Several transcriptomics studies have been performed on midbrain dopaminergic (DA) neurons5, 12: consistent with the heterogeneous vulnerability of this neuronal population in Parkinson’s disease13, qPCR and RNAseq performed at the single-cell level have revealed a significant diversity in gene expression profiles5,12. In parallel, much work has also been performed to understand the gene regulatory networks and identify the regulatory factors underlying the emergence of the DA phenotype14, with the therapeutical intent of producing functional DA neurons from induced pluripotent stem cells15.
Here we implement multivariate mutual information (Ik) analysis on transcriptomics data from single midbrain DA neurons to simultaneously provide new insights about the molecular heterogeneity of this neuronal population and about the gene regulatory principles underlying its specific phenotype.

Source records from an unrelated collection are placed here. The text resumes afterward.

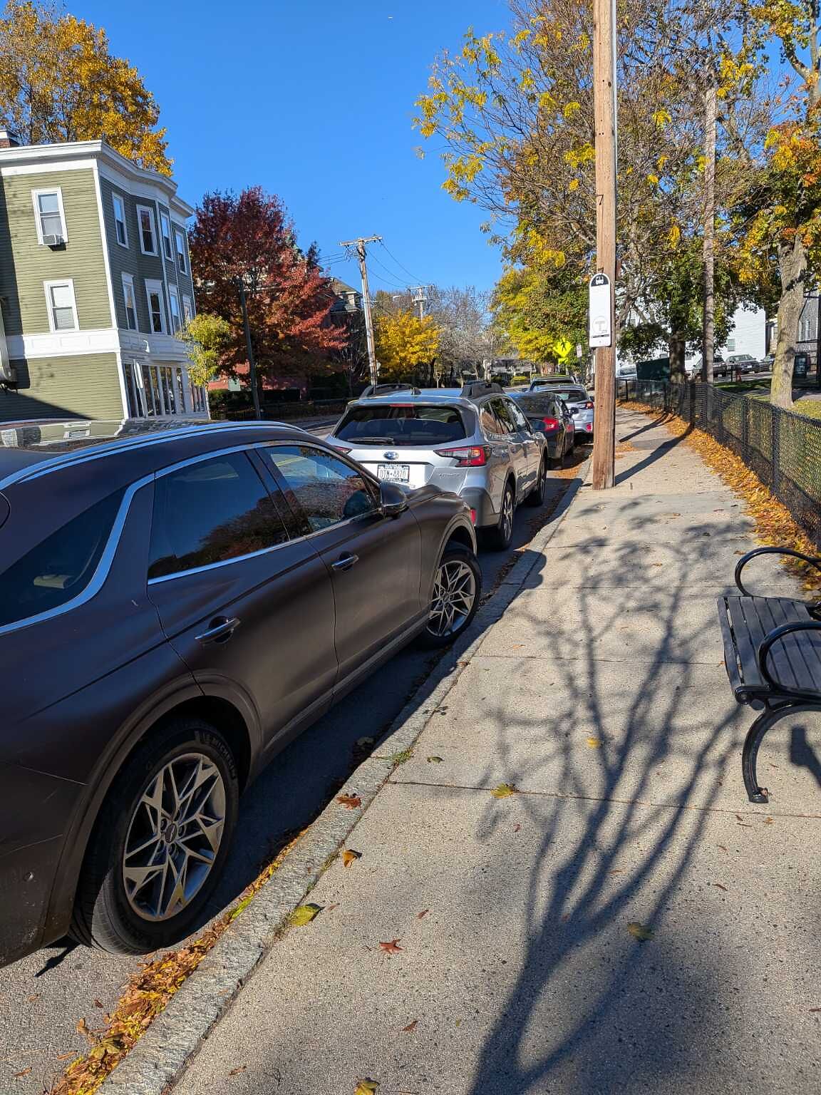 Every single Saturday since the start of October the parents of kids at the soccer program park in the bus stop. You need to speak with the people running the camp about this.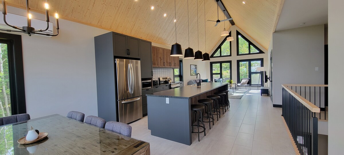 Un refugio sereno con vistas impresionantes al río St. Laurent. Entra en esta elegante casa de campo donde la comodidad se encuentra con la naturaleza. Bañado con luz natural y cuidadosamente equipado con todas las comodidades modernas, es el lugar perfecto para desconectar y recargar energías. Saborea tu café matutino mientras el sol sale sobre el agua, relájate con vistas panorámicas al río y deja que la belleza del paisaje te deje sin aliento.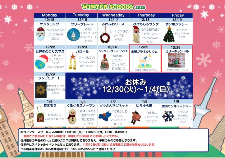 今年の冬はぜひ、キッズデュオ武蔵浦和でプチ留学を経験しませんか?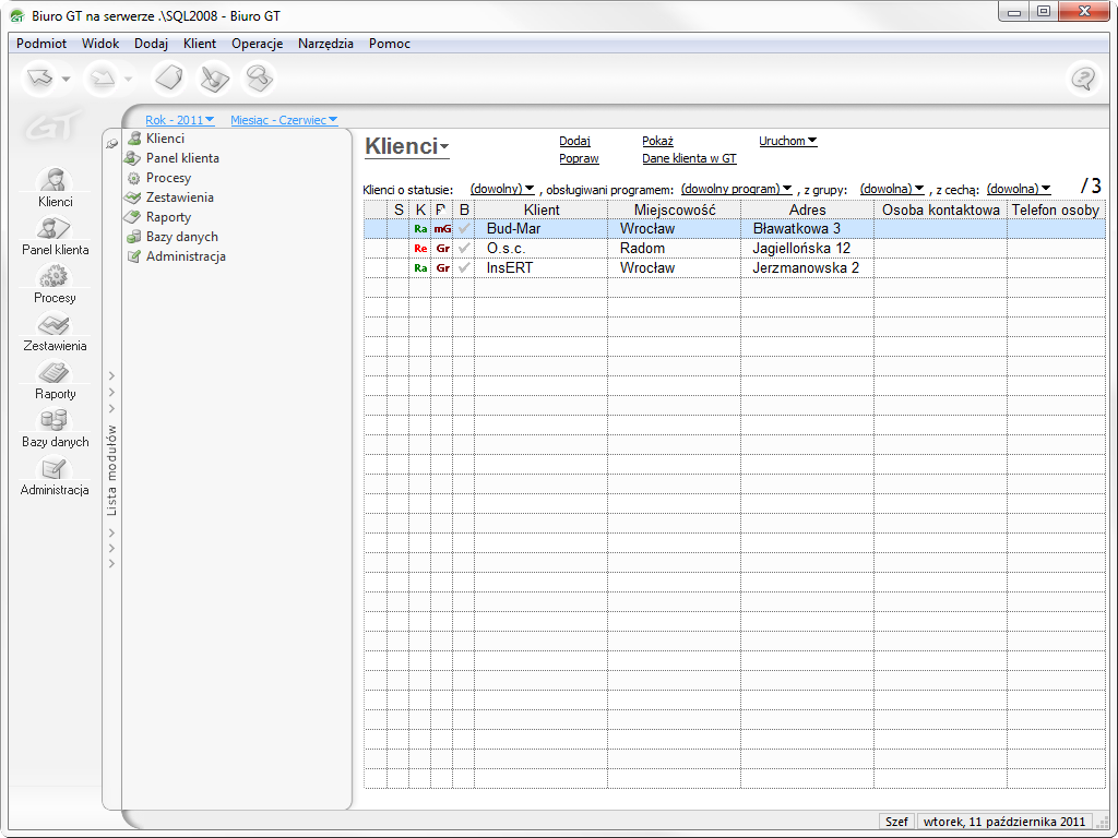 - zarządzanie listą podmiotów obsługiwanych przez biuro;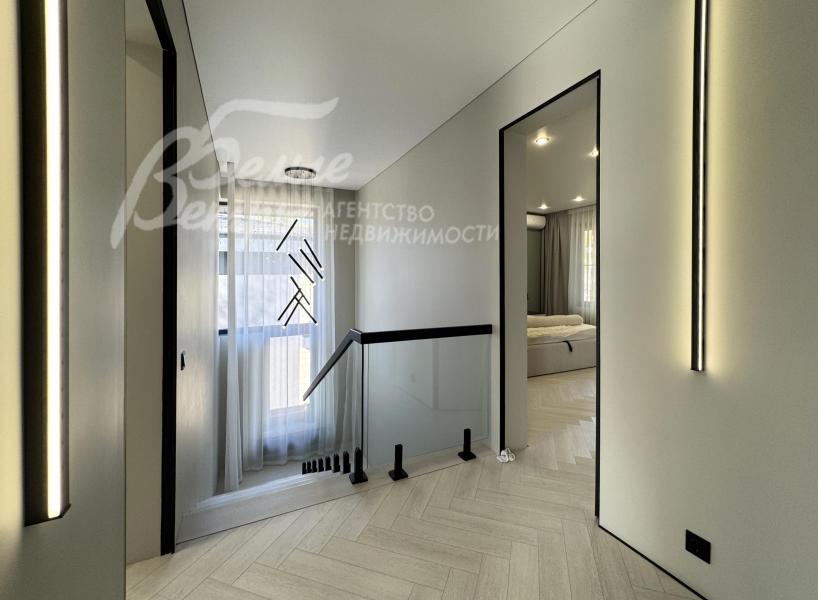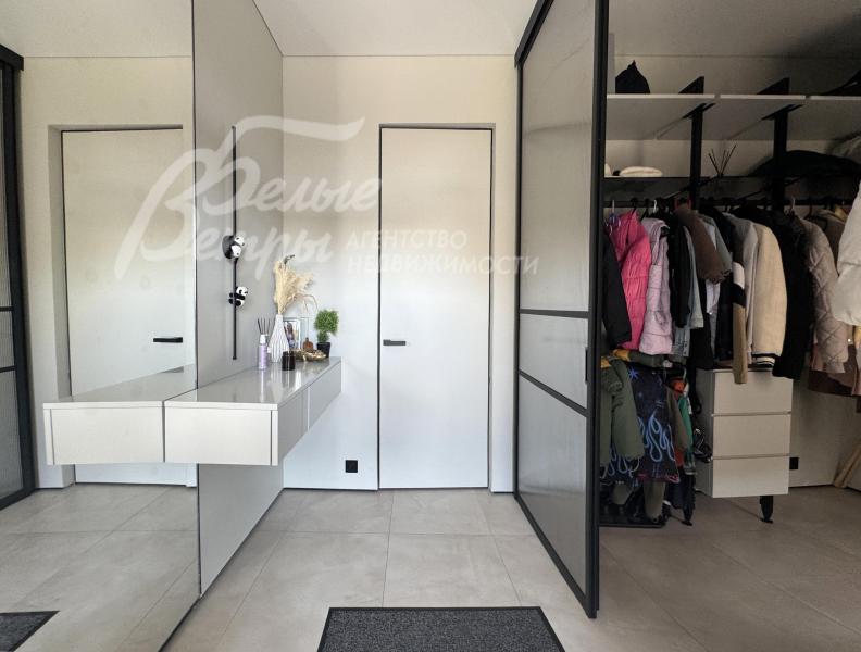 Описание внутренней отделки: интерьер оформлен в стиле минимализма – в цветовой гамме доминируют светлые холодные тона. Отделка стен включает трёхслойную шпатлёвку, армирующий стеклохолст и финишное покрытие моющейся краской Dulux Bindo 7, стены санузлов оформлены керамогранитом – стильно скомбинированы варианты современных дизайнеров. На полу – керамогранит Италон и кварцвинил НоmеЕхреrt. Потолок – натяжной, со световыми линиями и скрытым карнизом: реализовано несколько сценариев освещения; на кухне – люстра, есть бра с беспроводной зарядкой. Установлены стальные панельные радиаторы Кеrmi, проходные выключатели со стеклянной рамкой, автоматическое управление шторами, межкомнатные двери скрытого монтажа, входная дверь из тёплого алюминия со стеклопакетом черного цвета и электронным замком "hottel slim" (вход – по отпечатку пальца, интегрирован с «Умным домом»). На второй этаж ведёт монолитная лестница со ступенями, отделанными деревом, и ограждением из закаленного стекла. На полу всего 1-го этажа и в санузлах 2-го этажа – тёплые полы. Выполнено фасадное освещение дома

We performed sc-RTqPCR on acutely dissociated identified midbrain neurons using the microfluidic BioMark™ HD Fluidigm platform. TH-GFP mice were used to preferentially target putative DA neurons (identified by the presence of tyrosine hydroxylase, TH-positive neurons, Supplementary Figure 1a). Electrophysiological recordings confirmed that acutely dissociated GFP and non-GFP neurons displayed the electrical properties expected for DA and non-dopaminergic (nDA) midbrain neurons16, 17, respectively (Supplementary Figure 2). However, since TH presence alone has been shown to not be a reliable marker18, DA and nDA phenotypes were refined based on the combined expression of Th/TH and Slc6a3/DAT (DA transporter) or lack thereof, allowing neurons collected from wild-type animals to be included (Supplementary Figure 1b). Based on Th-Slc6a3 expression, 111 neurons were classified as DA and 37 as nDA.
We quantified the levels of expression of 41 genes (Figure 1a), including 19 related to ion channel function, 9 related to neurotransmitter definition, 5 related to neuronal activation and calcium binding, and 3 related to neuronal structure (Supplementary Figure 1c). As expected, DA metabolism and signaling-related genes such as Th/TH, Slc6a3/DAT, Slc18a2/VMAT2, Drd2/D2R were highly expressed in DA neurons only, while expression levels of Slc17a6/VGLUT2, Gad1/GAD67 and Gad2/GAD65 suggested that collected nDA neurons used mainly glutamate or GABA as neurotransmitters (Figure 1a-b, Supplementary Figure 3). While some ion channels showed similar expression profiles in DA and nDA neurons (Cacna1c/Cav1.2, Cacna1g/Cav3.1, Hcn2/HCN2, Hcn4/HCN4, Kcna2/Kv1.2, Scn8a/Nav1.6), others (Kcnb1/Kv2.1, Kcnd3_2/Kv4.3, Kcnj6/GIRK2, Kcnn3/SK3, Scn2a1/Nav1.2) displayed higher levels of expression in DA neurons (Figure 1b, Supplementary Figure 3). In addition, although a few genes displayed a fairly stable level of expression across DA neurons (Th/TH, Slc6a3/DAT, Kcnd3_2/Kv4.3, Scn2a1/Nav1.2), most genes displayed significant variability in their expression levels (including dropout events) across cells (Figure 1b, Supplementary Figure 3), consistent with the already documented heterogeneity of midbrain DA neurons5, 13, 14.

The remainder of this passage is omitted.